ABOUT THIS TASK: Using the listing below, copy exactly the lines from the one containing "Bone color vintage" to the one containing "Practical and easy", both lines included, and no others.

SOURCE INFORMATION:
+===+
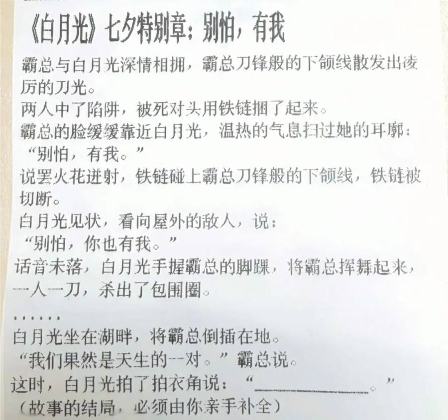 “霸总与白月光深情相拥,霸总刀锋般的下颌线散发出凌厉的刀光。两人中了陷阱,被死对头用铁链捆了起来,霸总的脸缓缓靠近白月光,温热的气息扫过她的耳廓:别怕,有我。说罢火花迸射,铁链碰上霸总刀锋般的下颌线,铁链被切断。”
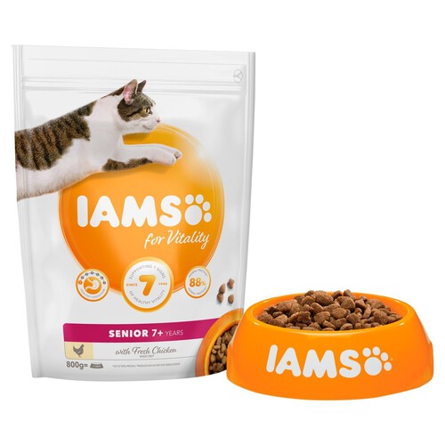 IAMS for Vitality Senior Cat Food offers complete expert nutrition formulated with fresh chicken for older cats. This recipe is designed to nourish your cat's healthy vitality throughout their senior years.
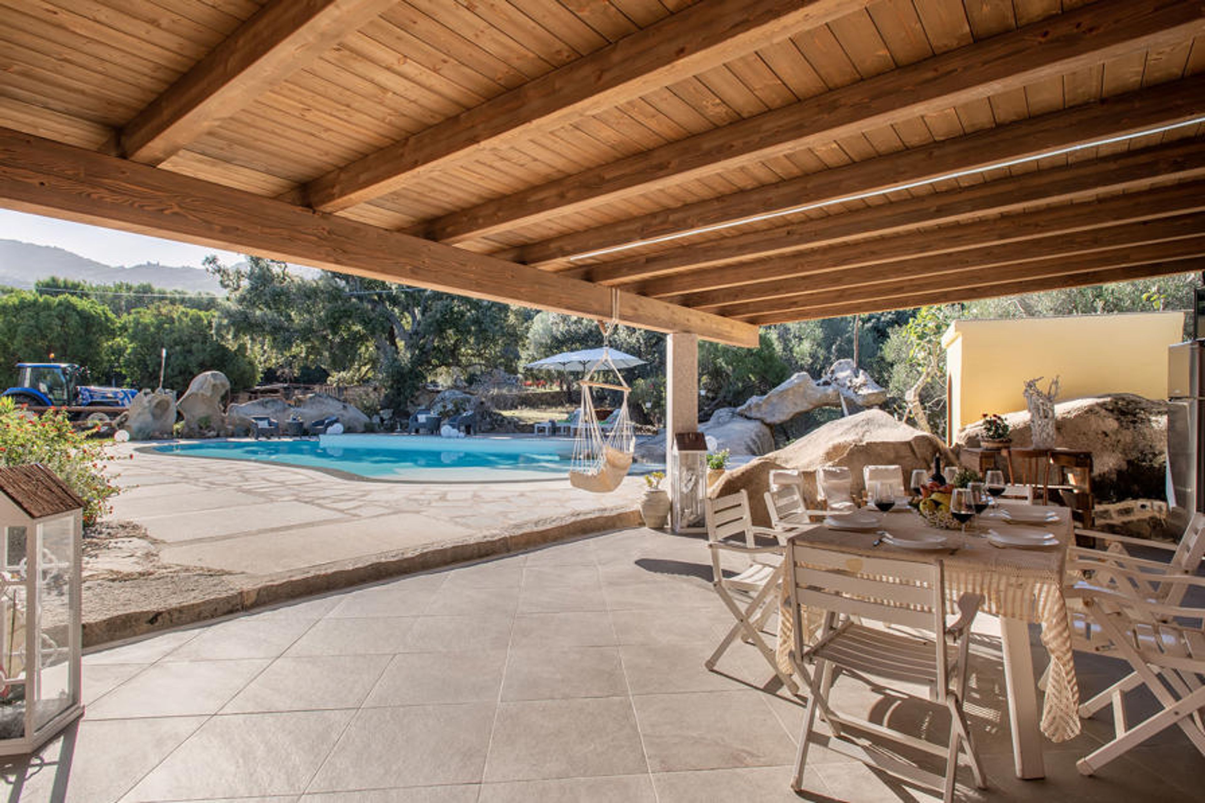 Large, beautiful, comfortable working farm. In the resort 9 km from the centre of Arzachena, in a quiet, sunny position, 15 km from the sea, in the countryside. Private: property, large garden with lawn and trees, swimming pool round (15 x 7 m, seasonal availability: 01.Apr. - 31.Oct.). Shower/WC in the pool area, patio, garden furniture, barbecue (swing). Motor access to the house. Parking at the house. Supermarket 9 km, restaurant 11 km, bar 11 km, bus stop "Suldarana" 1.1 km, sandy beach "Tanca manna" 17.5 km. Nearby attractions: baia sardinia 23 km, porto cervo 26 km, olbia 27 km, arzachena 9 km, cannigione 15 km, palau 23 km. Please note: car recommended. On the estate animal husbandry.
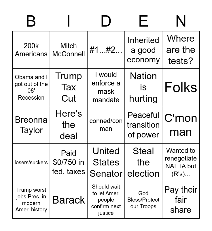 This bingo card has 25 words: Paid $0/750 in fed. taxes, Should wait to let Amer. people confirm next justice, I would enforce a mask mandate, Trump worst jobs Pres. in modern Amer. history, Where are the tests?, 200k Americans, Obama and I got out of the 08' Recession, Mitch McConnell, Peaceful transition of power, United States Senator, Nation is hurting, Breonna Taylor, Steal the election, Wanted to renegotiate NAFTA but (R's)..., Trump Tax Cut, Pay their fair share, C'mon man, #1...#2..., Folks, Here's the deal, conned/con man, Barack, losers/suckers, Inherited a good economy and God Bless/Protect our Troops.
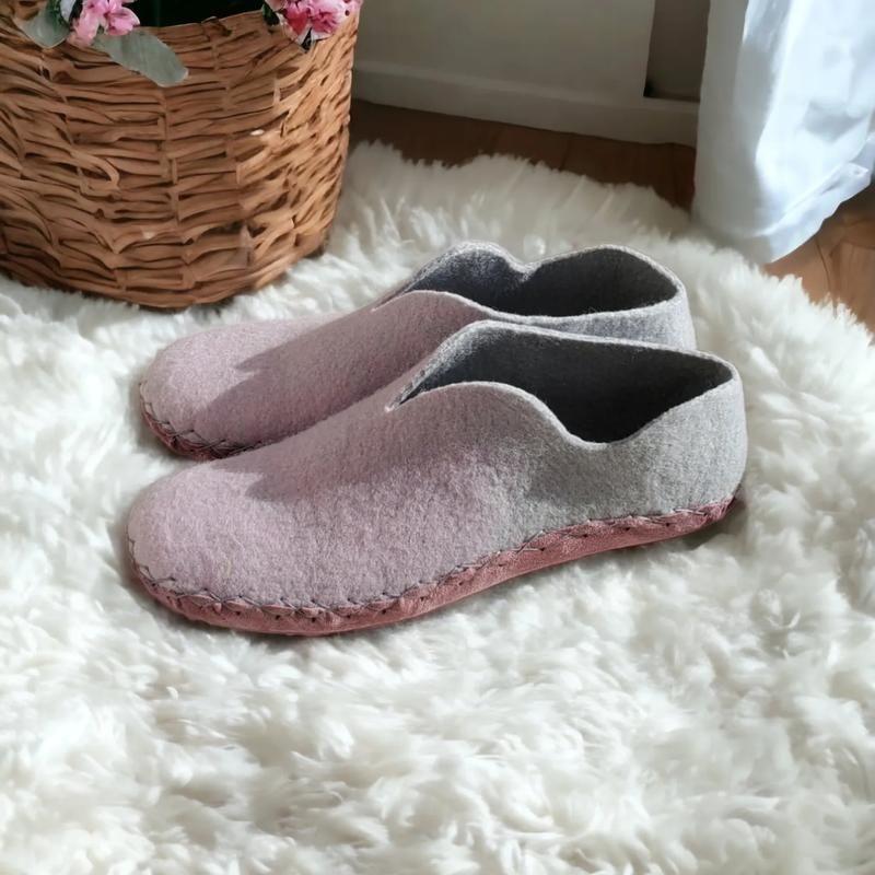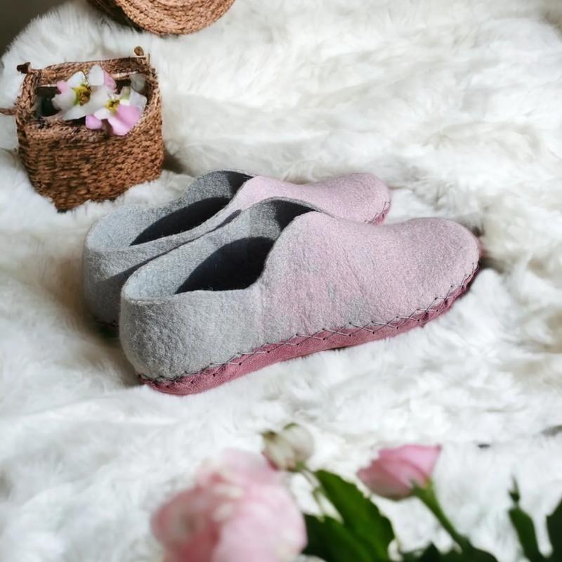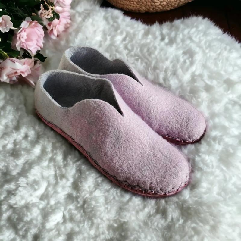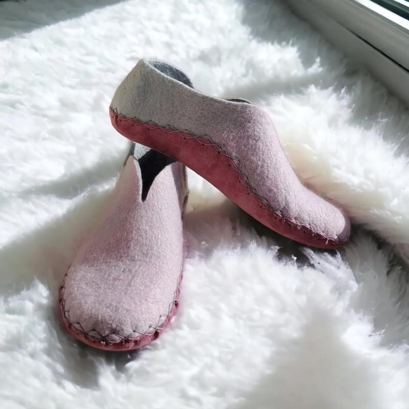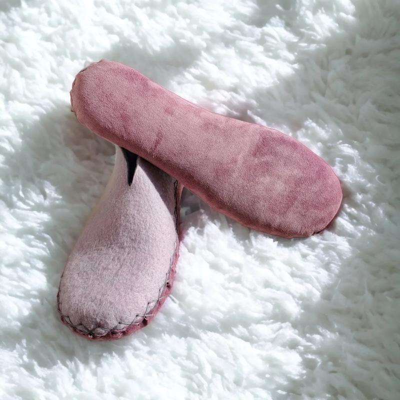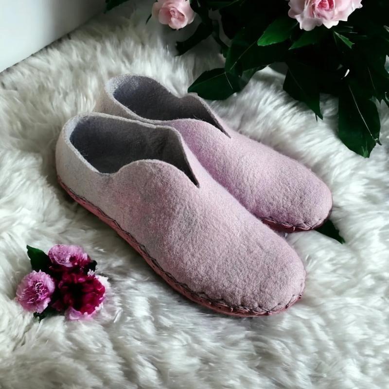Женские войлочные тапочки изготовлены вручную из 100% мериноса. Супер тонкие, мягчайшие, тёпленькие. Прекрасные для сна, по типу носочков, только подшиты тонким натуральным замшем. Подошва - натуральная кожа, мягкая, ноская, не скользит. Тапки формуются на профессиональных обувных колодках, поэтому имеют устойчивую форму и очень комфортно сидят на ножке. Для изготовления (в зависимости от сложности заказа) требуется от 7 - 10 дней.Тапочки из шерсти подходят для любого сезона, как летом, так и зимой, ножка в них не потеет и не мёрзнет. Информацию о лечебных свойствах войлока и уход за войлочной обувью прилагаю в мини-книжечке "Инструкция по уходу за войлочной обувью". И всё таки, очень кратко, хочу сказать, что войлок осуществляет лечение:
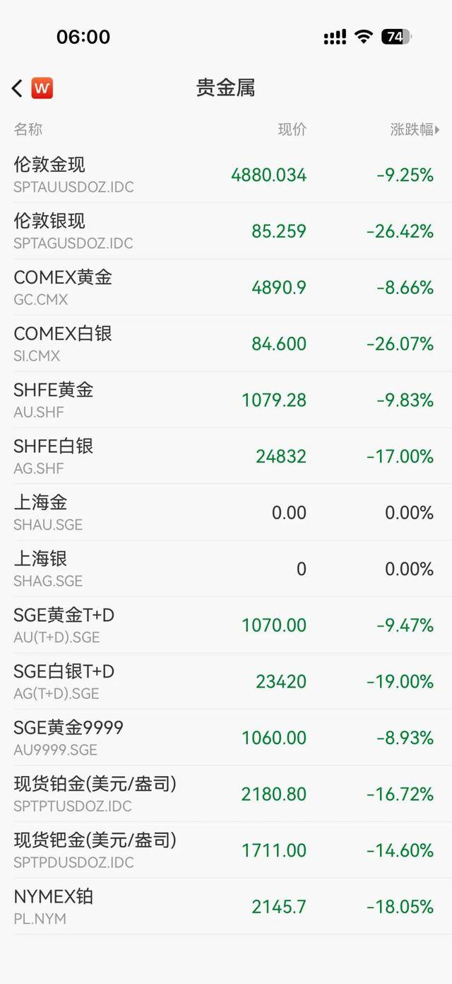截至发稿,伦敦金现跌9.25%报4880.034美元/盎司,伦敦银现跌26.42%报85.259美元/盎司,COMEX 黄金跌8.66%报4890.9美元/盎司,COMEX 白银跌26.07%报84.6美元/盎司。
+===+
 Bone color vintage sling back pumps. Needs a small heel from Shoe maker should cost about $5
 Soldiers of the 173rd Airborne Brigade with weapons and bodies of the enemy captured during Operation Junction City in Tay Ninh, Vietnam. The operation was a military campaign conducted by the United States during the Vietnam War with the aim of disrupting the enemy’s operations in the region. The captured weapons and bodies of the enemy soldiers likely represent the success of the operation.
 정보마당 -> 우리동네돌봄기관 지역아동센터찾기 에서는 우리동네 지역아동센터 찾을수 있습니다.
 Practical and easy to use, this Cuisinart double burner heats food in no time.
+===+
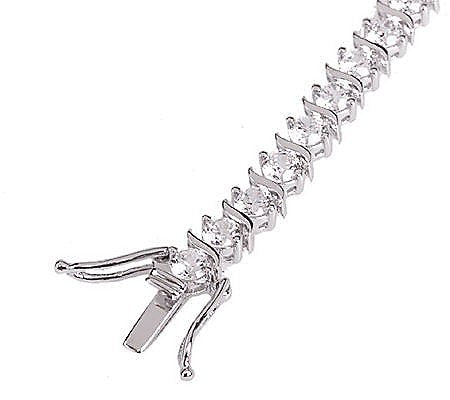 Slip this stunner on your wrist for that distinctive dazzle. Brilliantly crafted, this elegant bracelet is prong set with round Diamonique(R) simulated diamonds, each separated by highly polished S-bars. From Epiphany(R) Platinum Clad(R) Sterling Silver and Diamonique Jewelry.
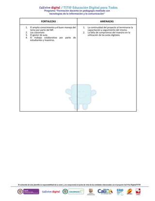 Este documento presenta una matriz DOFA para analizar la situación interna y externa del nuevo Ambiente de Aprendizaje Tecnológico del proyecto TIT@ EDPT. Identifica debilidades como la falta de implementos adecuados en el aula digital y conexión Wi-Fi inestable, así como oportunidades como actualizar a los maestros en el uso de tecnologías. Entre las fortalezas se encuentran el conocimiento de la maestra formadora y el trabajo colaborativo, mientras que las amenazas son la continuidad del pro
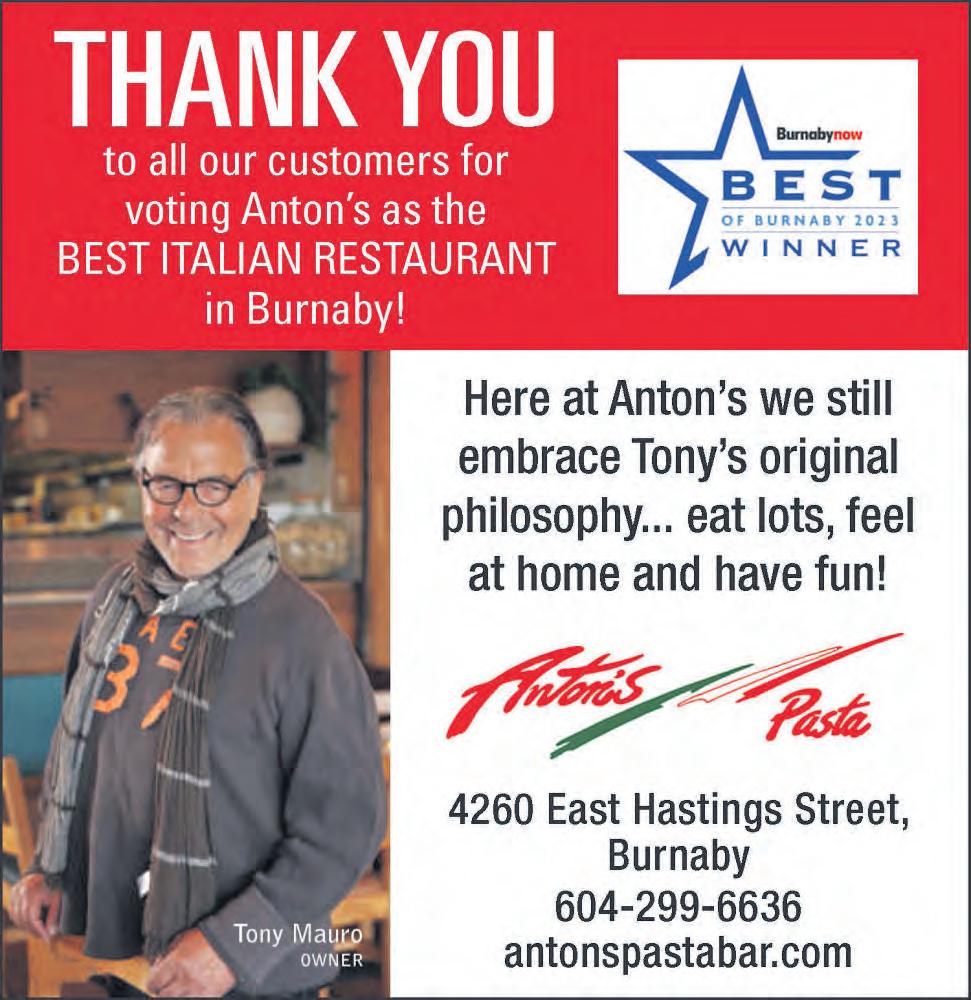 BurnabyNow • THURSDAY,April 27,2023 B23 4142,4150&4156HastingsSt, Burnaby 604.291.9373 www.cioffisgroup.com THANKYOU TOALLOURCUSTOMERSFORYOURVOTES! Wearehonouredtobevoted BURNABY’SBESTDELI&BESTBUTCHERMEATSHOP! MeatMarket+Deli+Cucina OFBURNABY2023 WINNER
+===+
EXPECTED ANSWER:
 Bone color vintage sling back pumps. Needs a small heel from Shoe maker should cost about $5
 Soldiers of the 173rd Airborne Brigade with weapons and bodies of the enemy captured during Operation Junction City in Tay Ninh, Vietnam. The operation was a military campaign conducted by the United States during the Vietnam War with the aim of disrupting the enemy’s operations in the region. The captured weapons and bodies of the enemy soldiers likely represent the success of the operation.
 정보마당 -> 우리동네돌봄기관 지역아동센터찾기 에서는 우리동네 지역아동센터 찾을수 있습니다.
 Practical and easy to use, this Cuisinart double burner heats food in no time.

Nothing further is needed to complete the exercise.